> On 21 March 2018 at 18:12 mj <li...@merit.unu.edu> wrote:
>
>
> Hi,
>
> I noticed the following in the logs of our debian wheezy server:
>
> > Mar 21 07:13:47 mail dovecot: auth: Debug:
> > ldap(username,1.2.3.4,<g2/rF+ZnjAAu5ceg>): bind search: base=CN=Users,
> > DC=samba, DC=company, DC=com filter=(&(objectclass=person)(sAMA
> > ccountName=username)(!(userAccountControl=514)))
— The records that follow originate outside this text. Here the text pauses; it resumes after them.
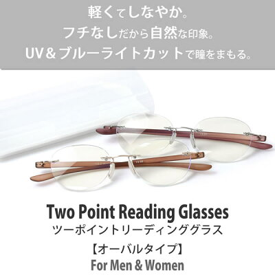 【メール便:2個まで】老眼鏡・シニアグラス RG118-2 ツーポイントリーディンググラス フチなし ブルーライトカット 紫外線カット プレゼント ギフト 父の日 母の日 誕生日 クリスマス 敬老の日 [ACC]
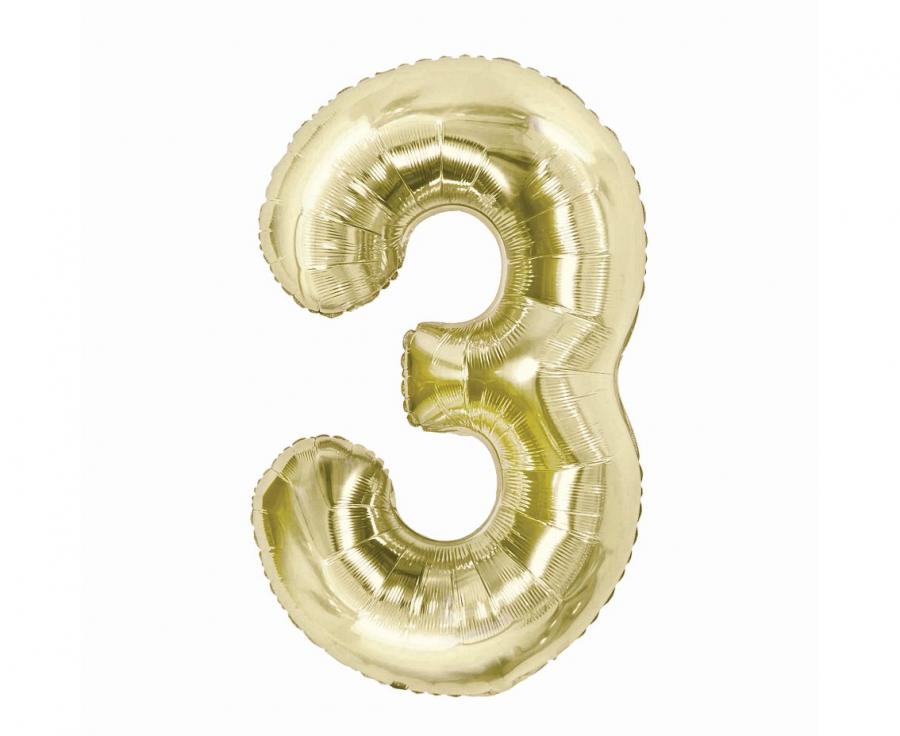 Balon foliowy cyfra 3 szampańska 85 cm
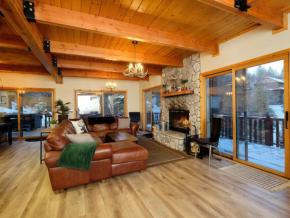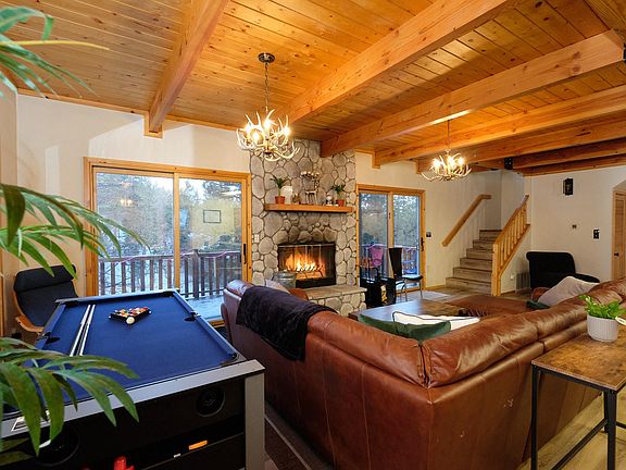 Fully furnished, large, updated 4 bedroom cabin with beautiful views at the end of a cul-de-sac, over 24000 Sq/Ft land backing onto the national forest allows for great privacy. Many amenities including an 8 Person outdoor SPA next to a beautiful fire-pit, big Jetted tub in master bedroom suit, Large wrap around deck with swing, a new LG Laundry tower (washer + dryer), two refrigerators, Miele dishwasher, and new induction range over in the open kitchen. AC in master bedroom and Office, two mounted TV's, pool/game table, Dimable lighting, and much more. Flexible lease terms
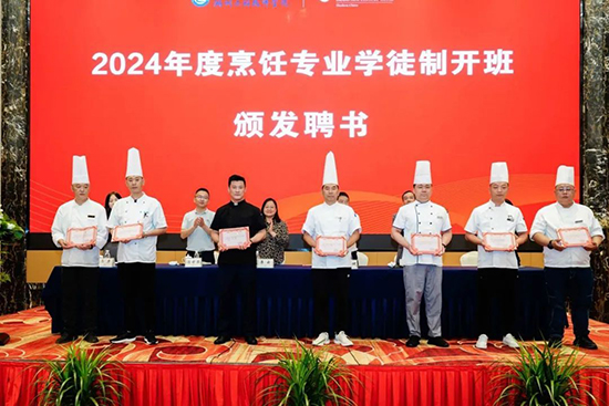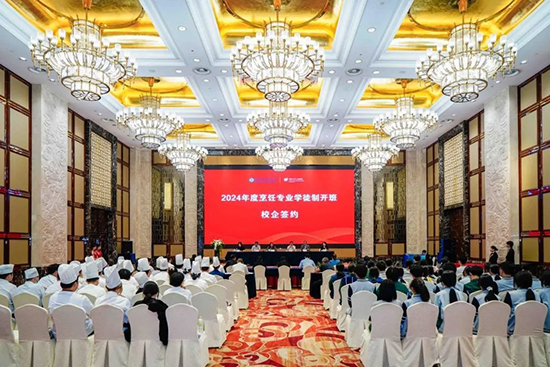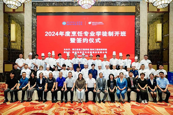 5月29日下午,浙江信息工程學(xué)校·湖州工程技師學(xué)院與湖州東吳開元名都酒店有限公司、湖州市城投觀湖酒店有限公司、浙北大酒店、天煌大酒店、湖州賓館有限公司、湖州南潯博陽(yáng)開元名庭度假酒店、龍之夢(mèng)雅仕酒店的代表齊聚東吳開元名都酒店開元廳,共同舉行2024年烹飪專業(yè)現(xiàn)代學(xué)徒制開班暨簽約儀式。
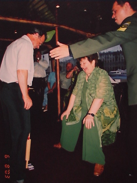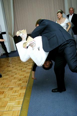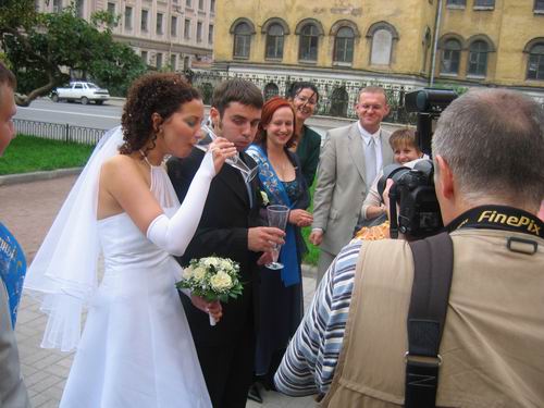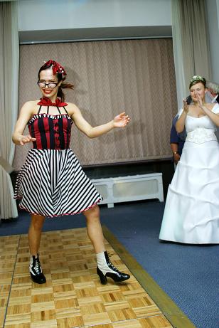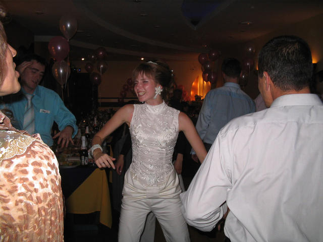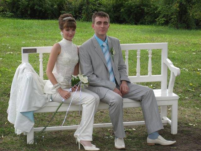 Этот костюм шили по ее эскизу. Там еще шлейф был красивый, расшитый биссером. Она его просто сняла, чтобы танцевать удобнее было, а вообще это выглядело так:

> > Mar 21 07:13:47 mail dovecot: auth: Debug:
> > ldap(username,1.2.3.4,<g2/rF+ZnjAAu5ceg>): result: uid=username; uid unused
> > Mar 21 07:13:47 mail dovecot: auth: Debug:
> > ldap(username,1.2.3.4,<g2/rF+ZnjAAu5ceg>): result: uid=username
> > Mar 21 07:13:48 mail dovecot: auth:
> > ldap(username,1.2.3.4,<g2/rF+ZnjAAu5ceg>): invalid credentials (given
> > password: invalid_password)
> > Mar 21 07:13:48 mail dovecot: auth: Debug:
> > static(username,1.2.3.4,<g2/rF+ZnjAAu5ceg>): lookup
> > Mar 21 07:13:48 mail dovecot: auth: Debug:
> > static(username,1.2.3.4,<g2/rF+ZnjAAu5ceg>): allow_nets: Matching for
> > network 127.0.0.1/32
> > Mar 21 07:13:48 mail dovecot: auth:
> > static(username,1.2.3.4,<g2/rF+ZnjAAu5ceg>): allow_nets check failed: IP
> > not in allowed networks
> > Mar 21 07:13:48 mail dovecot: auth: Debug:
> > static(username,1.2.3.4,<g2/rF+ZnjAAu5ceg>): Allowing any password
> > Mar 21 07:13:54 mail dovecot: auth: Debug: auth client connected (pid=6174)
>
> The line second last line "Allowing any password" comes as a surprise..?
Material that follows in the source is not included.